These are "overloaded" versions of arithmetic commands with the same adicity, but different types. The absolute value of all indices is limited to a pointer-sized integer (Rust primitive usize, 32 or 64 bits depending on system architecture). This doesn't matter for practical purposes since nothing exceeding that length can even exist. Just don't use arbitrarily high numbers to mean "all".

  • [A] [B] + -> [Z] concatenates two strings.
  • [A] 'B. - -> [Z] removes |B| characters from string A: from the back if B>0 or from the front if B<0.
  • [A] 'B. * -> [Z] repeats string A |B| times, reversing it if B<0.
  • [A] 'B. / -> [Z] truncates string A to length |B|, removing characters from the back if B>0 or from the front if B<0.
  • [A] 'B.0.. % -> [Z] isolates the Bth character of A (starting at 0).
  • [A] 'B.0.. ~ -> [Y] [Z] splits string A at the Bth character, pushing the left side Y (B characters long) and the right side Z.
  • [A] [B] ^ -> 'Z.-1.. searches A for the first occurence of B, pushing the index of the first character (-1 if not found).
    • !^ searches A for the first match of regex pattern B (syntax reference). Unlike string input, the regex engine does recognize some familiar character escapes.
    • Empty B matches anything and always returns 0.
  • [A] [B] [C] | -> [Z] searches A for occurences of B, replacing them with C.
    • !| searches for matches of regex pattern B and replaces them with string C (replacement syntax).
    • Empty B matches everywhere and results in C being inserted between all characters ([abc][][-]| -> [-a-b-c-]).
  • [A] g -> 'Z.0.. pushes the length of string A.
  • 'A " -> [Z] converts number A to its string representation as if it was printed.

Stack manipulation

These commands have the same restriction on indices as string commands.

  • c clears the entire stack.
    • !c optimizes memory usage by reallocating growable memory areas to fit their current contents (except register arrays, see the memory model diagram).

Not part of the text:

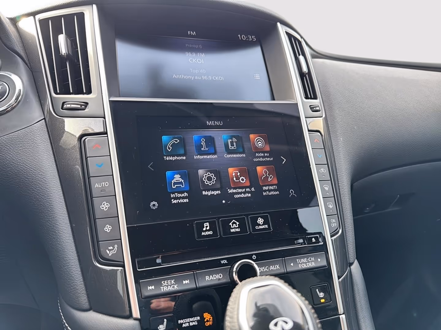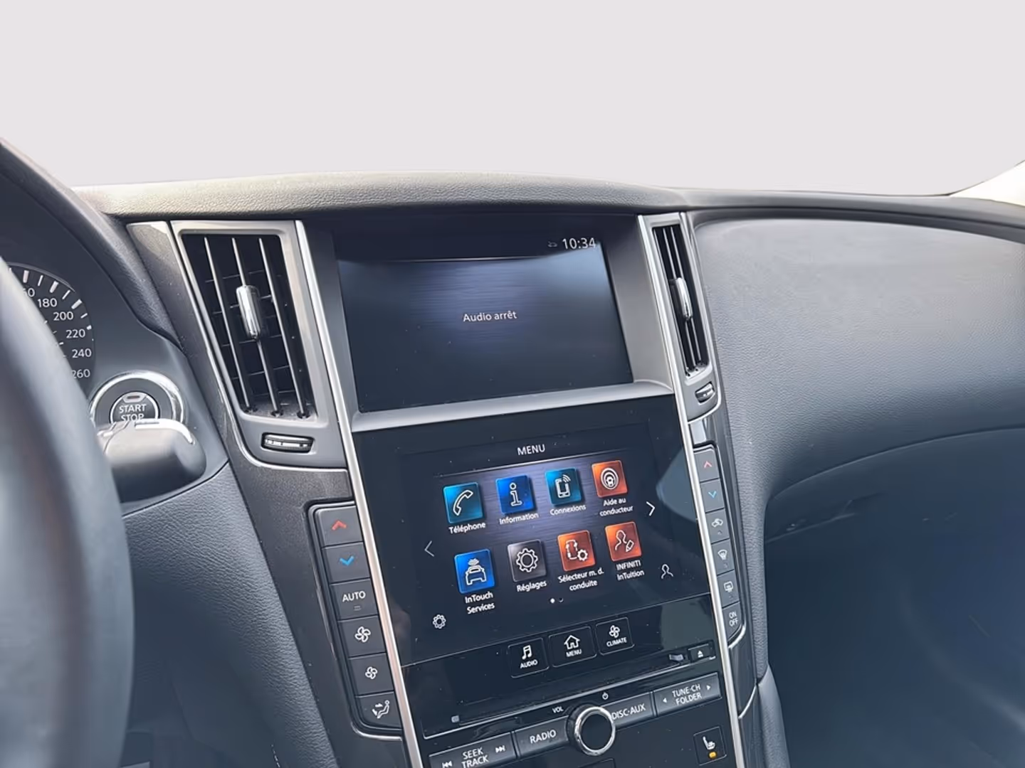 2024 INFINITI Q50 PURECARACTÉRISTIQUES PRINCIPALES• Moteur V6 biturbo 3.0 L à injection directe• Environ 300 chevaux et 295 lb-pi de couple• Transmission automatique 7 vitesses• Traction intégrale intelligente AWD (selon version)• Accélération environ 0-100 km/h en ±50 secondes• Berline sport de luxe avec habitacle confortable pour 5 passagersÉQUIPEMENTS DISTINCTIFS• Système multimédia INFINITI InTouch avec double écran• Apple CarPlay et Android Auto• Système audio de qualité supérieure• Sièges en cuir chauffants à réglages électriques• Volant multifonction gainé de cuir• Climatisation automatique bi-zone• Démarrage à bouton poussoir avec clé intelligente• Phares DEL avec signature INFINITI• Jantes en alliage• Caméra de recul avec capteurs de stationnement• Modes de conduite sélectionnables• Régulateur de vitesse adaptatif• Alerte d’angle mort et aide au maintien de voieACHETER EN TOUTE CONFIANCE CHEZ BLAINVILLE CHRYSLER• Inspection complète par nos techniciens certifiés• Financement disponible sur place• Garantie prolongée disponible• Échange accepté• Jusqu’à 90 jours sans paiements (selon admissibilité)Disponible dès aujourd’hui chez Blainville Chrysler.Les tarifs et informations présents sur notre site blainvillechrysler.ca sont à jour et prioritaires.Les prix affichés sur des sites externes peuvent être sujets à un délai de mise à jour et ne constituent pas un engagement contractuel.Nous sommes ouverts les samedisTout type de financement possible aucun cas de refusNous parlons anglais aussi2024 INFINITI Q50 PUREKEY FEATURES• 3.0L twin-turbocharged V6 engine• Approximately 300 horsepower and 295 lb-ft of torque• 7-speed automatic transmission• Intelligent all-wheel drive system (AWD)• 0-100 km/h acceleration in about 5.0 seconds• Luxury sport sedan with seating for 5 passengersDISTINCTIVE EQUIPMENT• INFINITI InTouch dual-screen infotainment system• Apple CarPlay and Android Auto• Premium sound system• Heated leather power seats• Leather multifunction steering wheel• Dual-zone automatic climate control• Push-button start with smart key• LED headlights with INFINITI signature lighting• Alloy wheels• Rear view camera with parking sensors• Selectable drive modes• Adaptive cruise control• Blind spot monitoring and lane keeping assistBUY WITH CONFIDENCE AT BLAINVILLE CHRYSLER• Full inspection by our certified technicians• Financing available on site• Extended warranty available• Trade-ins accepted• Up to 90 days with no payments (on approved credit)Available today at Blainville Chrysler.The prices and information on our website blainvillechrysler.ca are up to date and take priority.Prices displayed on external websites may be subject to update delays and do not constitute a contractual commitment.We are open on SaturdaysAll types of financing available no cases refusedWe also speak English

Use sparingly after completing memory-hungry operations.
  • 'A.0.. C clears the top A objects from the stack.
  • d duplicates the top-of-stack.
  • 'A.0.. D duplicates the top A objects of the stack.
  • r swaps (reverses) the top 2 objects of the stack.
  • 'A. R rotates the top |A| objects of the stack: upwards if A>0, downwards if A<0.
    • 1 2 3 4 3R -> 1 4 2 3
    • 'A. !R flips the top |A| objects.
  • z -> 'Z.0.. pushes the depth of the main stack (amount of objects).

Parameters

These control how numbers are handled. The lowercase commands (kiow) alter them, the uppercase commands (KIOW) push them to the stack.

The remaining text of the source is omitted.